Adelaide United Football Club is an Australian women's soccer team based in Adelaide, South Australia. Founded in 2008, it is the affiliated women's team of Adelaide United. The team competes in the country's premier women's soccer competition, the A-League Women.

History

Establishment

Adelaide United's women's team was formed in 2008 with the inception of the W-League, becoming one of the founding eight teams. The inaugural set up saw North Eastern MetroStars coach Michael Barnett take charge with ex-Adelaide United player Richie Alagich take up the assistant coach role and Matildas stalwart Dianne Alagich named as captain.

2008–2011
Adelaide's first game was on 25 October 2008 against Queensland Roar at the Queensland Sport and Athletics Centre, which ended in a 4–1 loss with Sharon Black getting the consolation goal. The first win came in Round 2 against the Newcastle Jets at Hindmarsh Stadium, a hard-fought 3–2 win thanks to a hat-trick from Sandra Scalzi. The Reds followed this up with another 3–2 win over Sydney FC before failing to win any of their next seven league games, finished last in the eight-team competition in their inaugural season.

After a disappointing inaugural season drastic changes were made to the playing staff including the retirement of experienced campaigners Sharon Black and Dianne Alagich to create a youthful team for the 2009 season. Despite the new look squad Adelaide continued to struggle in the league failing to win any of the first 5 games which included a record equaling defeat against Sydney FC on 1 November 2009. The first goal of the 2009 season was scored by Tenneille Boaler against Newcastle Jets in the round 6 clash at the Wanderers Oval the game ended in a 3 – 3 draw handing Adelaide its second point of the year. The season didn't get any better for Adelaide as they failed to win a single game in the second season but thanks to an unlikely 2 all draw with power house team Brisbane Roar they finished the season in 7th place their best ever finish to date.
Most Valuable player for 2009 season Racheal Quigley.

The 2010–11 season was even worse for Reds as they lost all ten of their W-League matches.  They only scored four goals and finished with a disappointing −32 goal differential; they tied their worst defeat with a −1 loss to Newcastle in round nine.  Coach Michael Barnett was let go at the end of the disappointing season, and was replaced by David Edmondson.

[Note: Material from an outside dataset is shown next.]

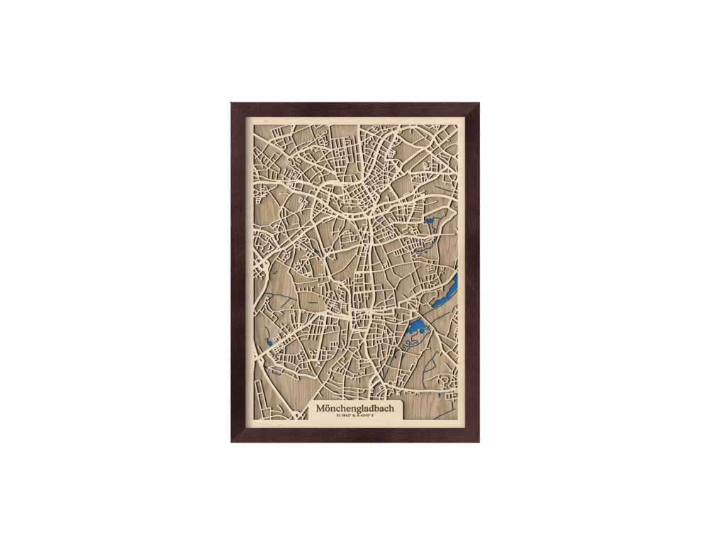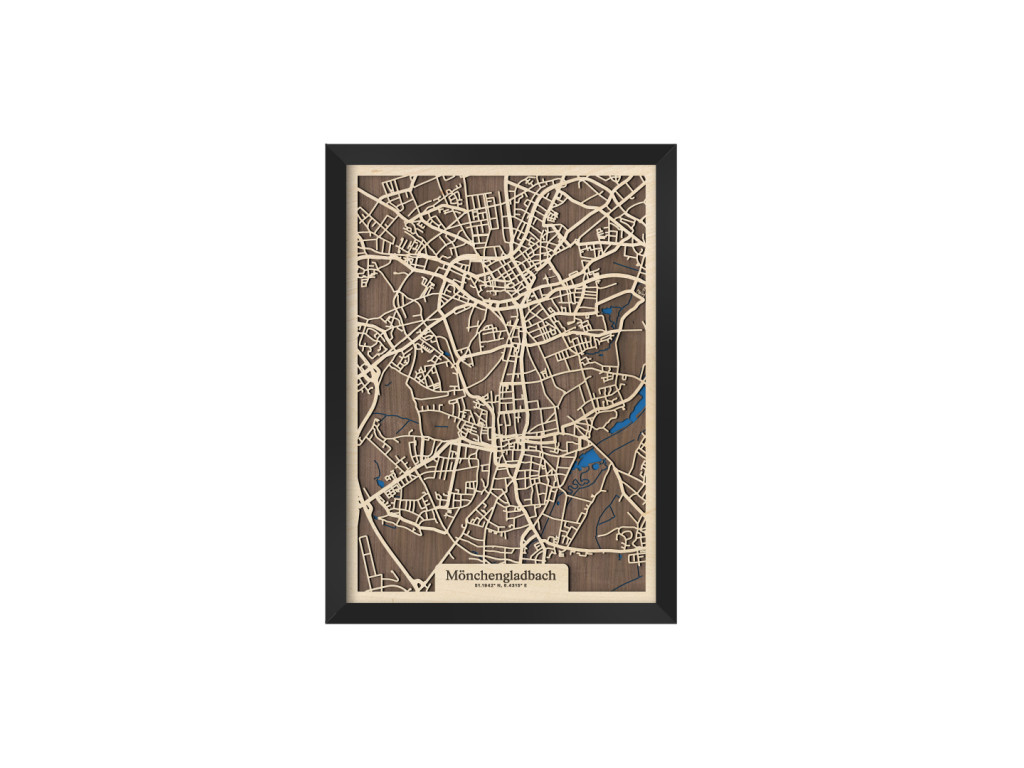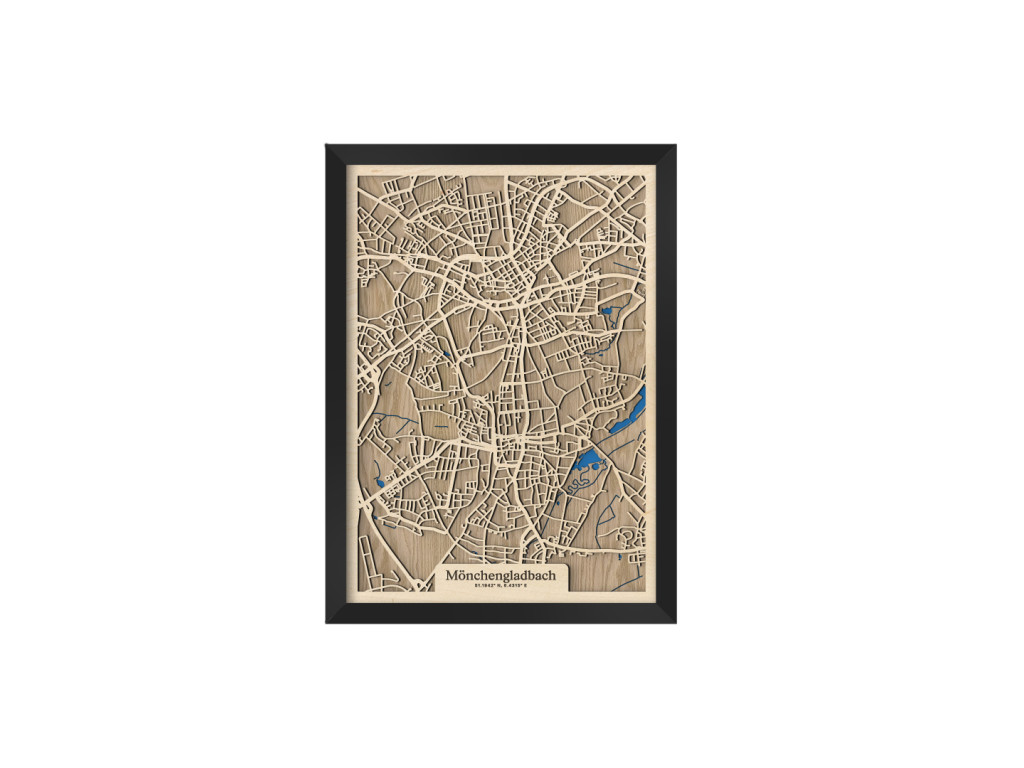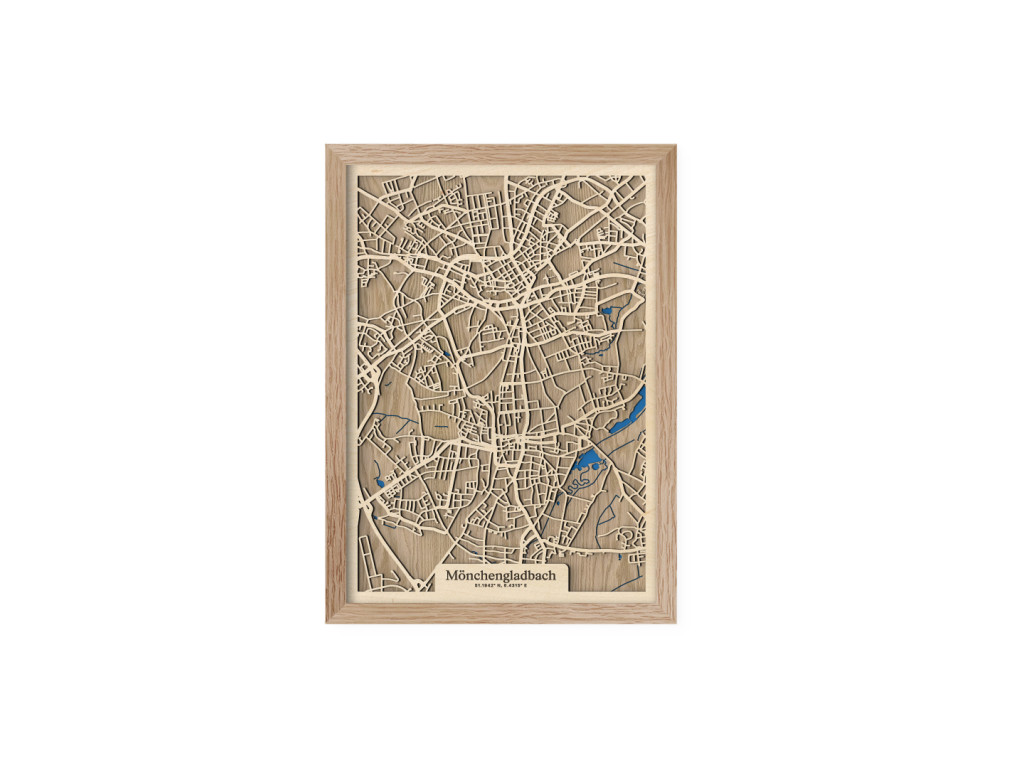 Wir stellen ein weiteres Stück aus der Kollektion drevko CITY vor - eine 3D-Karte von Mönchengladbach, einer lebendigen Stadt im Westen Deutschlands, die nicht nur eine reiche Fußballtradition, sondern auch viel Grün und einladende Parks zu bieten hat. In unserer detaillierten Holzdarstellung haben wir die historischen Straßen und die einzigartige Atmosphäre des Flusses Niers, der durch die Außenbezirke von Mönchengladbach fließt, originalgetreu eingefangen. Gerne passen wir sowohl die Farbgestaltung als auch die Größe an, damit Sie dieses urbane Kleinod ganz nach Ihrem Geschmack gestalten können.

Adelaide continued to struggle through most of the 2011–12 season as they opened the campaign with six more losses, scoring four goals during that time while letting twenty-one in.  This was better pace than the previous season, though, and the Reds showed significant improvement in on-field play versus 2010–2011, cited as being "unlucky" to not come away with at least a point on multiple occasions.  They finally snapped their winless and losing streaks, at 34 and 18 games respectively, with a 1–0 defeat of the Perth Glory in round eight, taking them off the bottom of the table for the first time since November 2009.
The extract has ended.